Example 1: Find the intersection point of two lines
Find the point of intersection of the lines
\[
\mathbf{r}=
\begin{pmatrix}
1\\
2\\
3
\end{pmatrix}
+
\lambda
\begin{pmatrix}
2\\
-1\\
4
\end{pmatrix}
\]
\[
\mathbf{r}=
\begin{pmatrix}
5\\
0\\
11
\end{pmatrix}
+
\mu
\begin{pmatrix}
-1\\
1\\
-2
\end{pmatrix}.
\]
Solution
Set the two expressions equal:
\[
\begin{pmatrix}
1+2\lambda\\
2-\lambda\\
3+4\lambda
\end{pmatrix}
=
\begin{pmatrix}
5-\mu\\
\mu\\
11-2\mu
\end{pmatrix}.
\]
Compare coordinates:
\[
1+2\lambda=5-\mu
\]
\[
2-\lambda=\mu
\]
\[
3+4\lambda=11-2\mu.
\]
From \( 2-\lambda=\mu \), substitute into the first equation:
\[
1+2\lambda=5-(2-\lambda)=3+\lambda
\]
\[
\lambda=2.
\]
Then
\[
\mu=2-\lambda=0.
\]
Check in the third equation:
\[
3+4(2)=11-2(0)
\]
\[
11=11.
\]
So the lines intersect. Substitute \( \lambda=2 \) into the first line:
\[
\mathbf{r}=
\begin{pmatrix}
1\\
2\\
3
\end{pmatrix}
+
2
\begin{pmatrix}
2\\
-1\\
4
\end{pmatrix}
=
\begin{pmatrix}
5\\
0\\
11
\end{pmatrix}.
\]
The point of intersection is
\[
\begin{pmatrix}
5\\
0\\
11
\end{pmatrix}.
\]
Example 2: Show that two lines do not intersect
Determine whether the lines
\[
\mathbf{r}=
\begin{pmatrix}
1\\
-2\\
4
\end{pmatrix}
+
\lambda
\begin{pmatrix}
3\\
1\\
-2
\end{pmatrix}
\]
\[
\mathbf{r}=
\begin{pmatrix}
7\\
1\\
0
\end{pmatrix}
+
\mu
\begin{pmatrix}
-1\\
2\\
1
\end{pmatrix}
\]
intersect.
Solution
Set the coordinates equal:
\[
1+3\lambda=7-\mu
\]
\[
-2+\lambda=1+2\mu
\]
\[
4-2\lambda=\mu.
\]
From the third equation,
\[
\mu=4-2\lambda.
\]
Substitute into the first equation:
\[
1+3\lambda=7-(4-2\lambda)=3+2\lambda
\]
\[
\lambda=2.
\]
Then
\[
\mu=4-2(2)=0.
\]
Check the second equation:
\[
-2+2=1+2(0)
\]
\[
0\neq 1.
\]
The equations are inconsistent, so the lines do not intersect.

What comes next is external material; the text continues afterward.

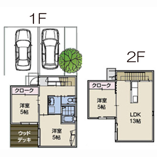 間取り内容 2階LDK13畳/1階洋室5畳2室

Example 3: Find the intersection using parametric form
The lines are given by
\[
x=2+t,\qquad y=1-2t,\qquad z=3+t
\]
\[
x=5-s,\qquad y=-5+4s,\qquad z=6-s.
\]
Find whether the lines intersect.
Solution
Compare coordinates:
\[
2+t=5-s
\]
\[
1-2t=-5+4s
\]
\[
3+t=6-s.
\]
From the first and third equations:
\[
t+s=3
\]
\[
t+s=3.
\]
So these are consistent. Use \( s=3-t \) in the second equation:
\[
1-2t=-5+4(3-t)
\]
\[
1-2t=7-4t
\]
\[
2t=6
\]
\[
t=3.
\]
Then
\[
s=3-t=0.
\]
Substitute into either line:
\[
(x,y,z)=(2+3,\;1-2(3),\;3+3)=(5,-5,6).
\]
The lines intersect at \((5,-5,6)\).
Example 4: Parallel lines
Determine the relationship between the lines
\[
\mathbf{r}=
\begin{pmatrix}
1\\
3\\
-2
\end{pmatrix}
+
\lambda
\begin{pmatrix}
2\\
-1\\
4
\end{pmatrix}
\]
\[
\mathbf{r}=
\begin{pmatrix}
5\\
1\\
6
\end{pmatrix}
+
\mu
\begin{pmatrix}
-4\\
2\\
-8
\end{pmatrix}.
\]
Solution
Compare the direction vectors:
\[
\begin{pmatrix}
-4\\
2\\
-8
\end{pmatrix}
=-2
\begin{pmatrix}
2\\
-1\\
4
\end{pmatrix}.
\]
The direction vectors are multiples, so the lines are parallel or identical.
Check whether the point
\(
\begin{pmatrix}
5\\
1\\
6
\end{pmatrix}
\)
lies on the first line:
\[
1+2\lambda=5 \Rightarrow \lambda=2
\]
\[
3-\lambda=1 \Rightarrow \lambda=2
\]
\[
-2+4\lambda=6 \Rightarrow \lambda=2.
\]
All three coordinates give the same value of \( \lambda \), so the point lies on the first line.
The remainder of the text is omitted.